"Grifter" #9 doesn't do anything for the title that a creative team change should do on a poorly selling title. Rob Liefeld has been brought in to straighten the ship aided by Frank Tieri on dialogue and the result is an issue with an action set piece that means nothing followed by a whole mess of talking that tells you everything while showing you nothing but two people in a cabin. There is no real excitement and little craft on display.

Liefeld wants to change this title up. He wants to go bigger, he wants to get badder -- he is here to write the definitive Grifter. In order to do this he needs to change up a few elements of the book. Rather than subtly break the mythos apart and make it his own, he injects a character to the narrative to tell Grifter things are now different. Perhaps with this shocking new path so blatantly mapped out, the book will be free to carve a new and revelatory path. However, it's done with such a heavy hand that most will not come back to find out how the new status quo shakes up.

It says a lot about a book when a female hero finally gets out of the snow into her cabin and decides to strip off the parts of her outfit that cover her chest and thighs. Why Niko feels the need to drop down to such a skimpy look to deliver her exposition and then redress to head back out is beyond the realm of nuanced storytelling. Logic goes out the window if there's the possibility to have a woman's chest on display. This is the quality of story the book deals in.
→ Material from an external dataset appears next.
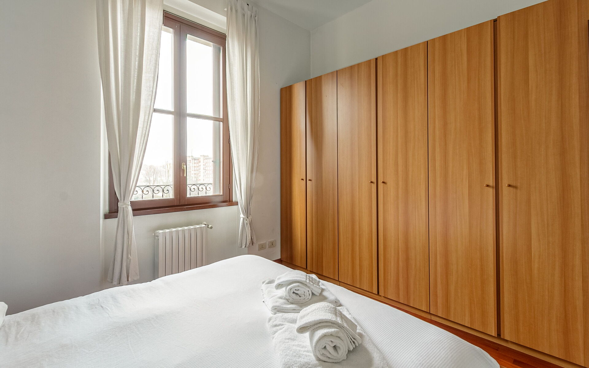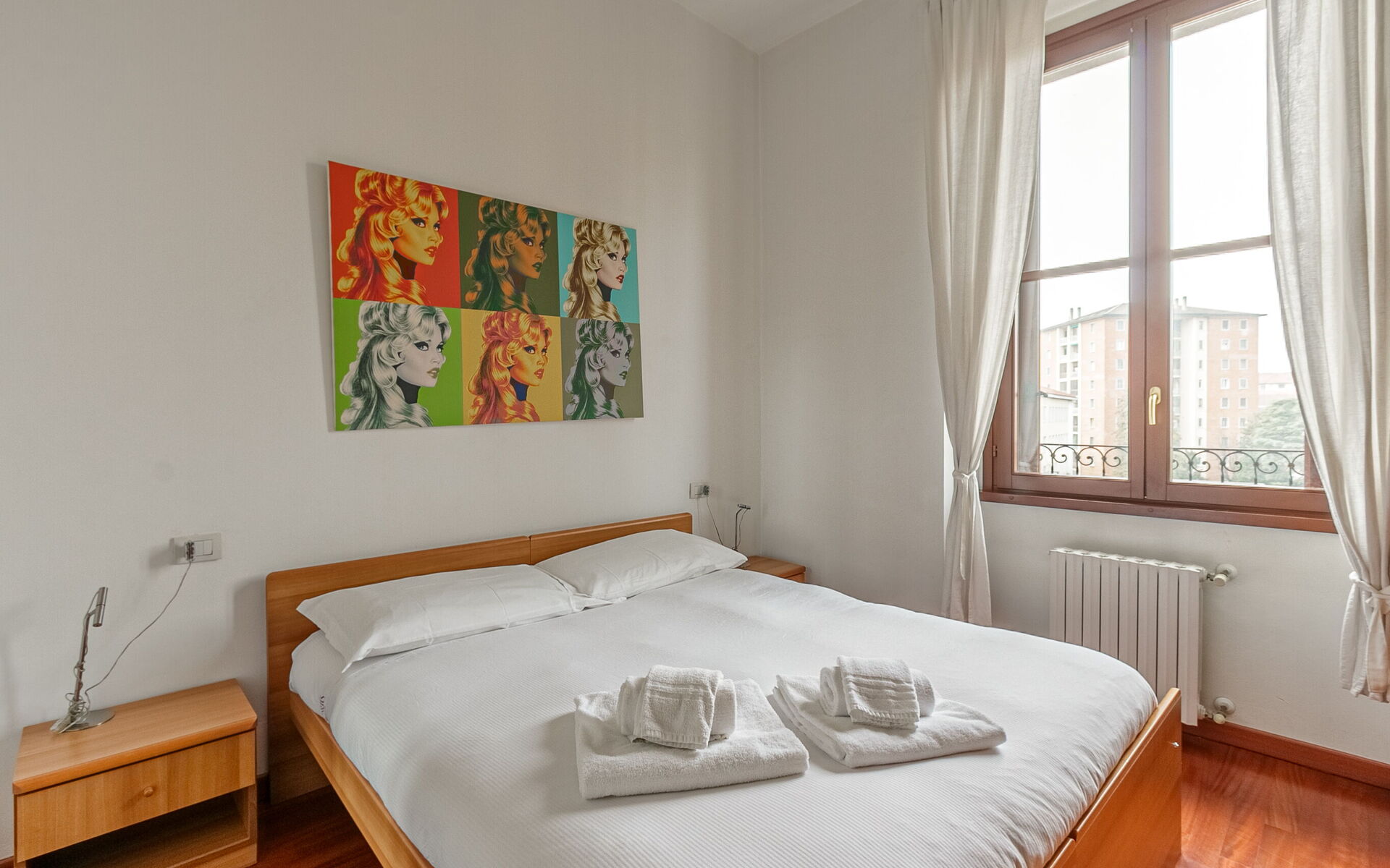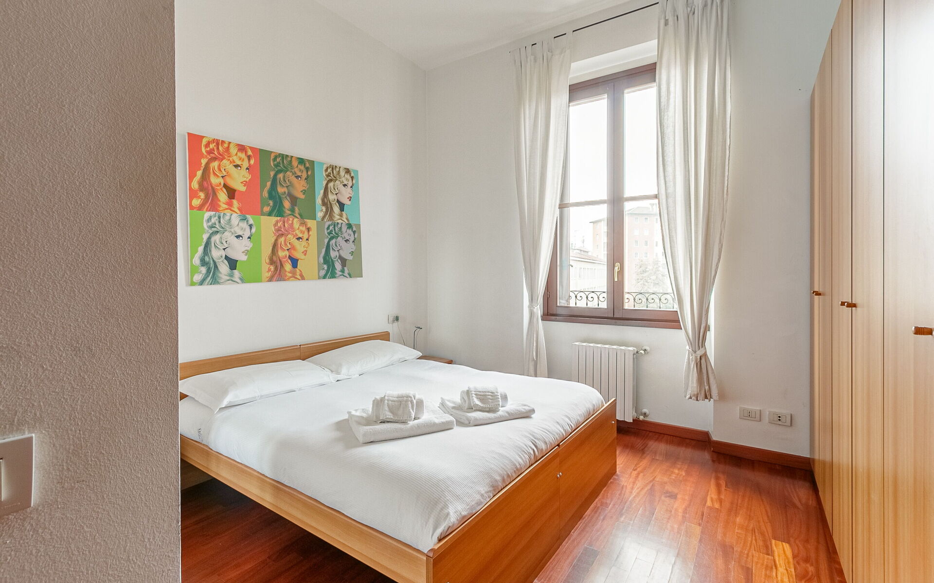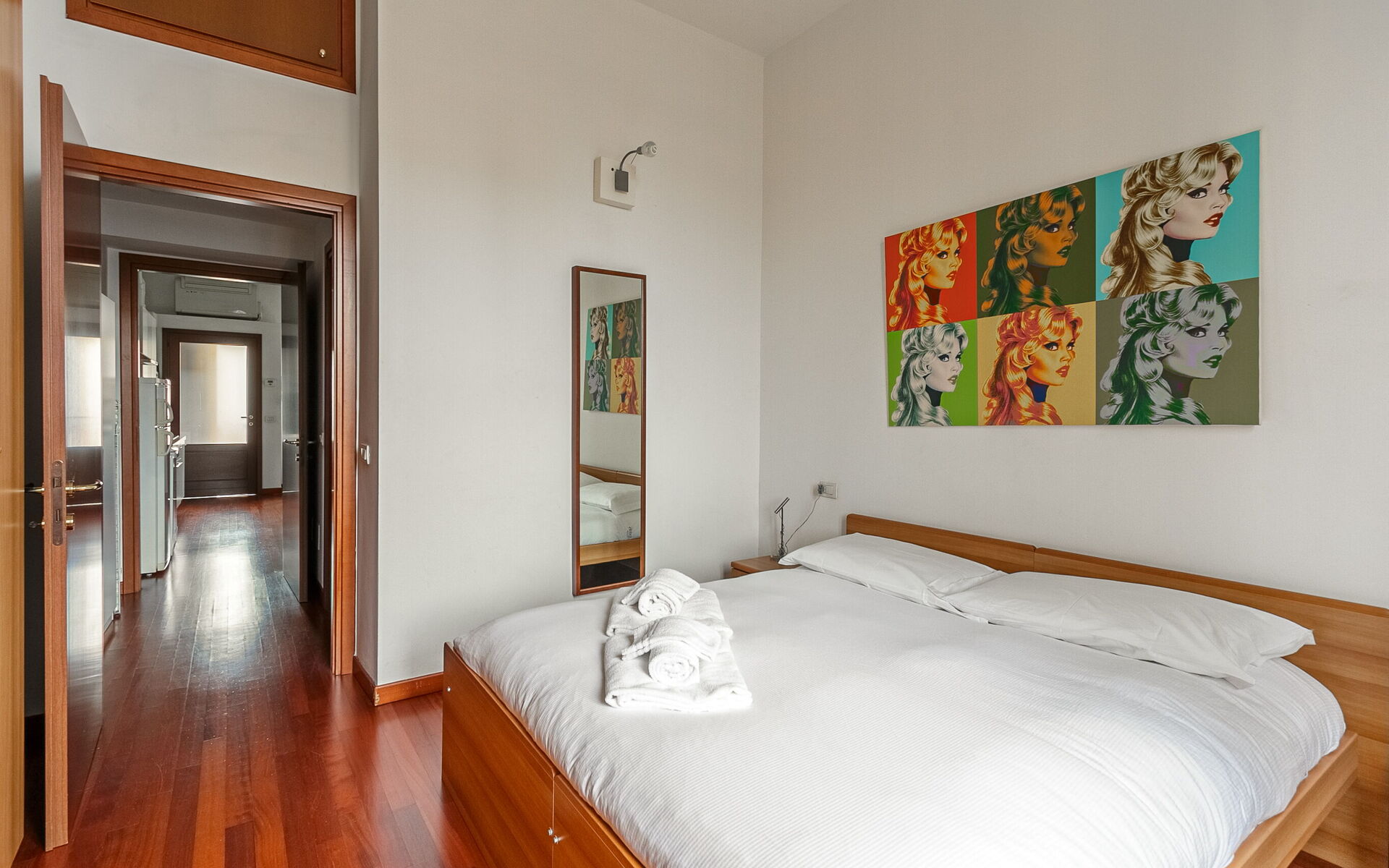 The bedroom has a double bed, bedside tables with lamps and a comfortable 6-door wardrobe.

Scott Clark is given plenty of room to have his art breathe but he doesn't do much with it. There are three different double splash pages and Clark makes two of them interesting in their own unique ways. Grifter snowboarding off a cliff and firing double guns back over his head is a great way to start the issue. A known colleague walking through a door is not going to need two pages to get the grandeur across. In between, Clark makes Grifter look like an over the hill Sears model who has had one too many corrective surgeries.
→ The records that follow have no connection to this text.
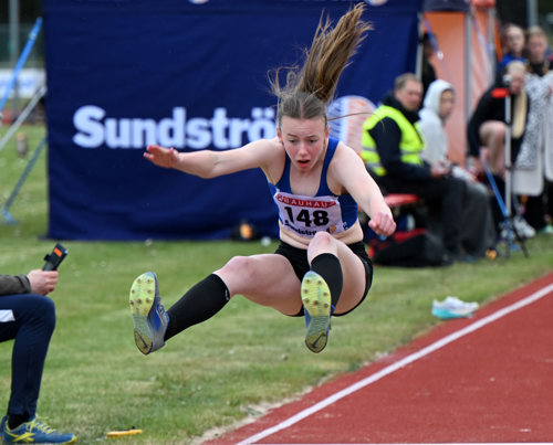 Ytterligare ”pers” kunde man räkna in för Nike Eklind Ludvigsson, Åsbro GoIF, som hade i sitt tredje försök första hoppet över tio meter i tresteg när hon landade på 10.01. Hon persade också i kula, där Nike var tvåa, på 11.25. Samt att hon vann höjdhoppet på tangerade perset 1.50.
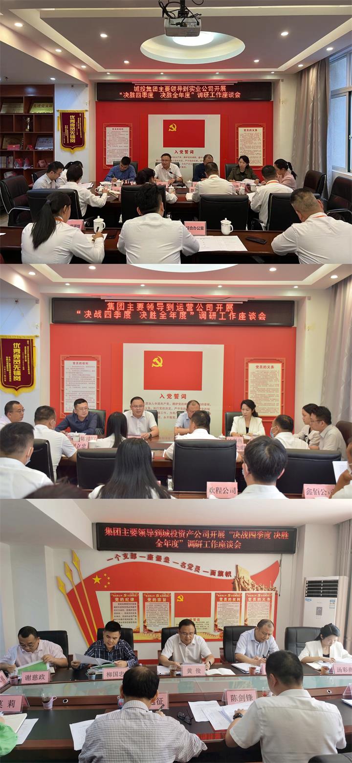 为深入了解集团各子公司生产经营等工作情况,掌握各项重点工作完成进度,确保全面完成集团全年各项任务目标,10月18日至20日,集团党委书记、董事长带队到各子公司开展“决战四季度 决胜全年度”调研,集团党委副书记、工会主席梁辉露,党委委员、副总经理陈桂军、柳国忠、黄辉,董事会秘书汤彩燕,总经理助理谢慈政,有关部门负责同志参加调研。
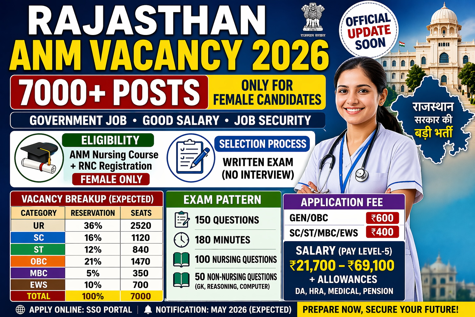 The Rajasthan Nursing Officer Upcoming Vacancy 2026 is a massive opportunity for nursing aspirants across India. With 12000+ expected posts, a transparent written exam-based selection process, and attractive salary benefits, this recruitment is expected to witness intense competition.
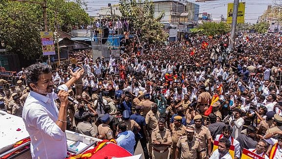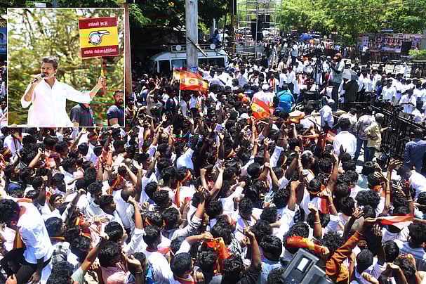 திருச்சி மரக்கடை பகுதிக்கு பிரசாரத்துக்காக வியாழக்கிழமை வந்த தவெக தலைவா் விஜய்யை வரவேற்ற கட்சி தொண்டா்கள். ~திருச்சி மரக்கடை பகுதியில் வியாழக்கிழமை நடைபெற்ற தவெக பிரசாரத்தில் பங்கேற்ற கட்சி தொண்டா்கள் (உள் படம்) பிரசாரத்தில் விசில் சின்னத்தை காட்ட
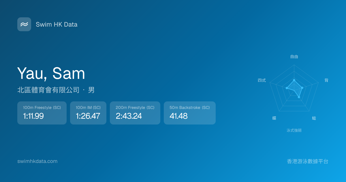 此圖表根據你所有比賽成績計算,顯示你在各泳式的相對強弱,僅供參考。繼續努力,每一次練習都會讓你更快更強!💪
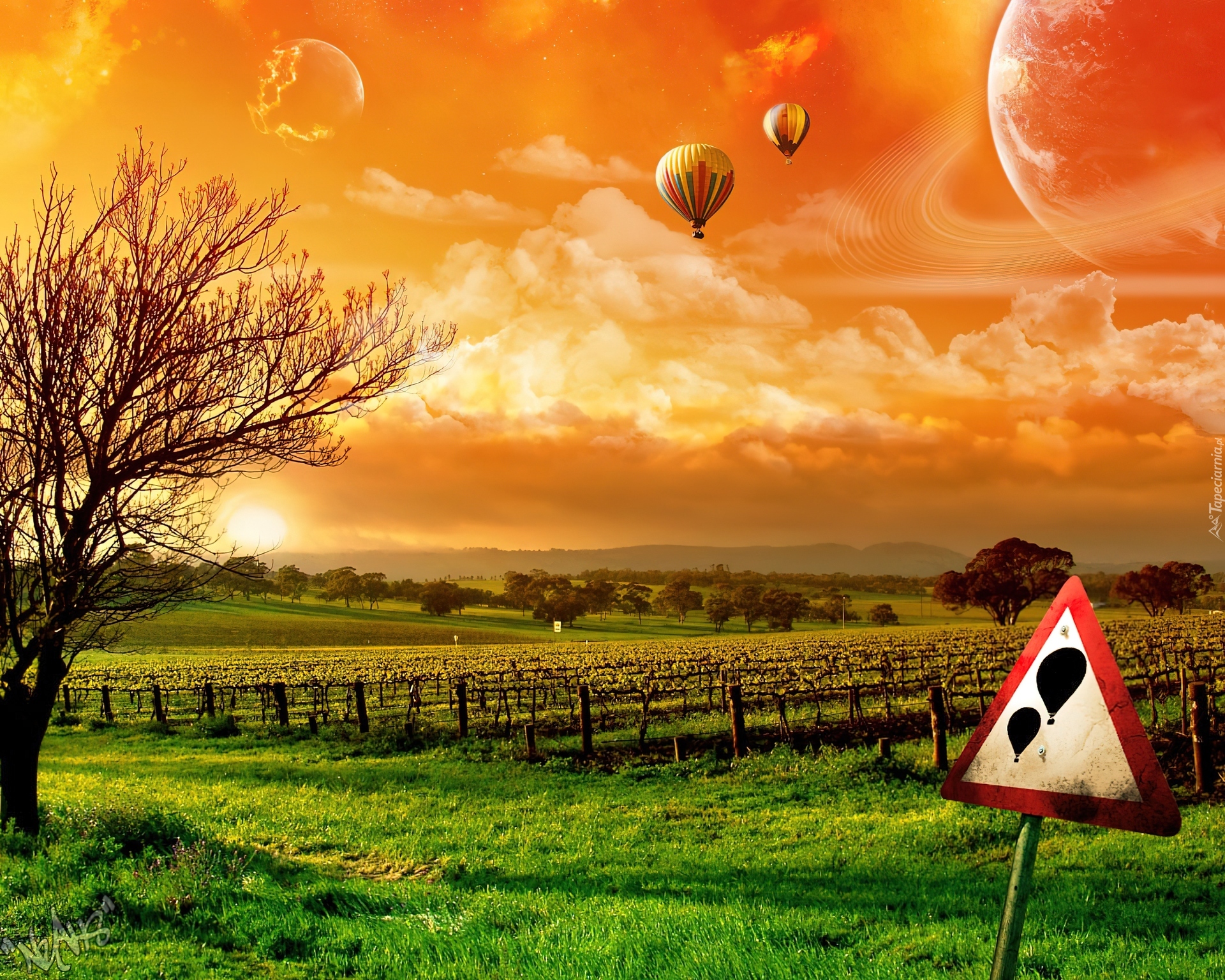 Edytor tapety: Zachód, Słońca, Pola, Balon, Znak

The main problem with this issue is the pacing. The conversation drags over too many pages with two to three panels per page where nothing happens. There is little sense of effective storytelling in the art or the words.

"Grifter" #9 is an action comic that forgets to justify or even deliver the action. For a guy whose trademark is firing guns and a new lady who wields two swords, our leads do an inordinate amount of talking. Worst of all, the talking barely establishes character. Hopefully the title improves now Liefeld has wiped the slate but I'm not sure I'll wager my money on that gamble.